Dr. Michelle Perro, a pediatrician with more than 40 years of experience in acute and integrative medicine, told The Defender, “Medical logic and reason have taken a back seat to an unfathomable policy based on fiction.”

Perro added:

“With the steady stream of information now available on VAERS [Vaccine Adverse Event Reporting System] and other global vaccine reporting systems, the harm caused to children from this unnecessary ‘vaccine’ is nothing short of pediacide.”

Perro pointed out that according to some researchers’ estimates, children under 18 are 51 times more likely to die from the mRNA vaccines than from COVID-19 if unvaccinated.

Perro, who said she will deliver a conference lecture in April on how to help children who have been harmed by the COVID-19 vaccines, said:

“The time is now for parents to do what’s best for their children and refuse this experimental technology.”
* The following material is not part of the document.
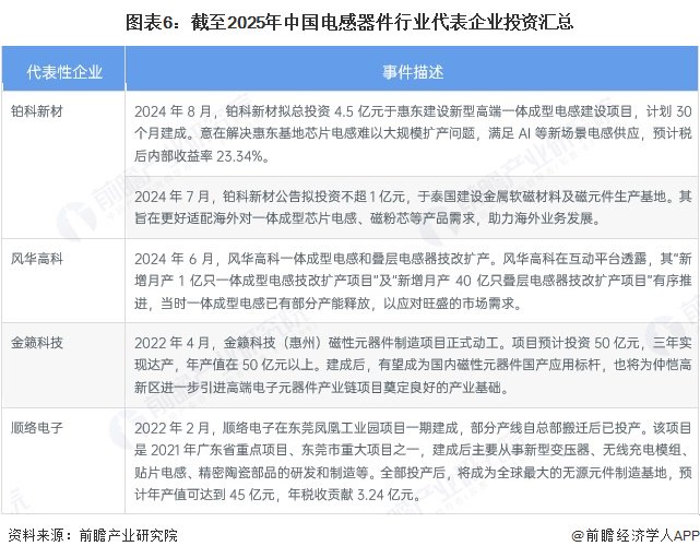 电感器件产业代表性企业最新投资动向

New clinical trial had ‘no published results’

The agency said it based its decision to authorize the fourth shot on previous analyses of earlier Pfizer COVID-19 vaccine efficacy data and on new clinical trial data from 60 children ages 6 months through 4 who, after completing the three-dose primary vaccination and receiving the booster shot, “demonstrated an immune response” to both the original COVID-19 virus strain and the Omicron subvariants.

The new clinical trial “had no published results” but was presented to the FDA in a Jan. 26 meeting slide show, said blogger Igor Chudov.

According to Chudov’s analysis, the data included “the strangest count of participants.”

Slide 16 of the presentation showed there were 21 babies in the clinical trial before the fourth shot — and 23 babies after the shot, he pointed out.

“How is that even possible? And why did no one present at the FDA meeting ask questions?” Chudov asked.

Chudov pointed out that under the new authorization, the four-dose vaccination sequence could be completed within four months after starting at age 6 months.

“Therefore, a 10-month-old infant could have four mRNA Covid vaccine doses,” he said.

Dr. Meryl Nass, an internist and epidemiologist and member of the Children’s Health Defensescientific advisory committee, said the official data released by the U.K. and German governments suggest you are 20 times as likely to injure a child with an mRNA vaccine than to benefit them.

In a Substack post today, Nass said Dr. Scott Jensen, a family physician and former Minnesota State Senator, noted that the number of mRNA vaccine doses needed to vaccinate young children to prevent one hospitalization for severe illness is more than 224,000 doses.

Assuming the risk of injury due to the COVID-19 vaccine is similar for children to the overall risk the German health minister disclosed, you would have to vaccinate more than 112,000 5- to 11-year-old children with two shots and seriously injure 22 of them as a result, in order to prevent one COVID-19 hospitalization.

“Anyone who is cognizant of these data and recommends mRNA COVID vaccines for children is in my view guilty of professional malfeasance, a crime and needs to immediately be brought to justice,” said Nass.